* _TASK TO CARRY OUT_:
Every record must come back unchanged, apart from the pictures, which are dropped.

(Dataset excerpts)
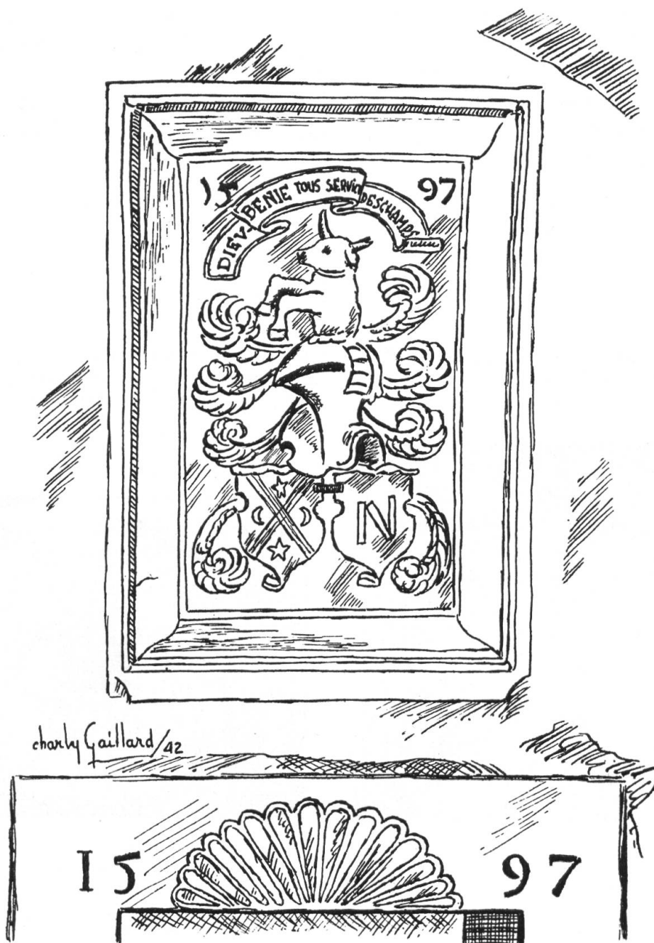
Fig. 53. Armoiries Deschamps-d'Aubonne, à Nyon.

Nous devons à la plume de M. Charly Gaillard le dessin d'une pierre sculptée existant à Nyon, que nous reproduisons ici (fig. 53). Datée de 1597, elle montre
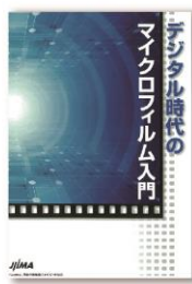
デジタル時代の マイクロフィルム入門
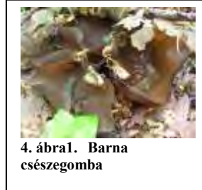
4. ábra1. Barna csészegomba

Szóval igen amatőr gyűjtemény, bocs. kedves Iváncsik Imre!
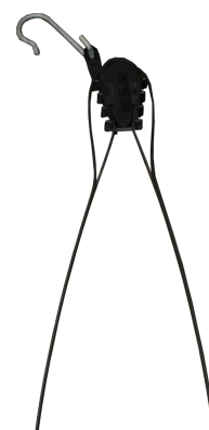
③ Elemento de tração
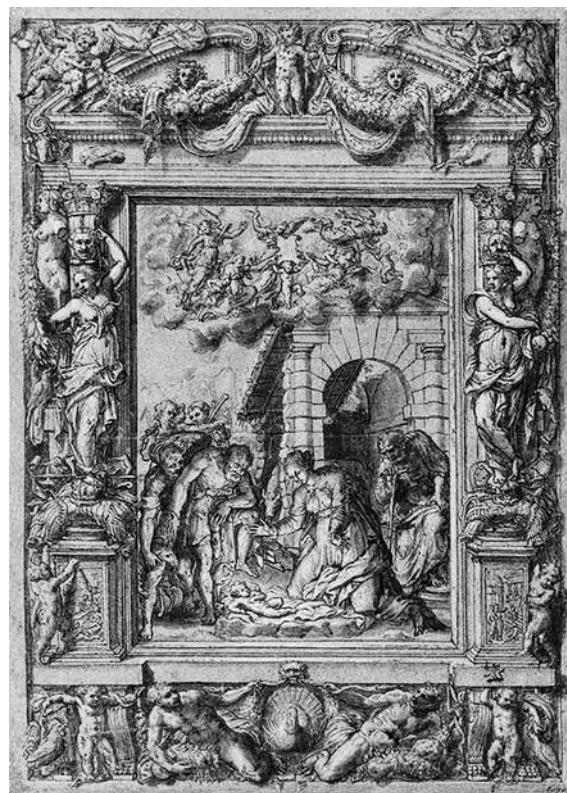
Fig. 15 – Anonyme, Adoration des bergers , Londres, Victoria and Albert Museum, Inv. n° 8078.

* _TASK ANSWER_:
Fig. 53. Armoiries Deschamps-d'Aubonne, à Nyon.

Nous devons à la plume de M. Charly Gaillard le dessin d'une pierre sculptée existant à Nyon, que nous reproduisons ici (fig. 53). Datée de 1597, elle montre
デジタル時代の マイクロフィルム入門
4. ábra1. Barna csészegomba

Szóval igen amatőr gyűjtemény, bocs. kedves Iváncsik Imre!
③ Elemento de tração
Fig. 15 – Anonyme, Adoration des bergers , Londres, Victoria and Albert Museum, Inv. n° 8078.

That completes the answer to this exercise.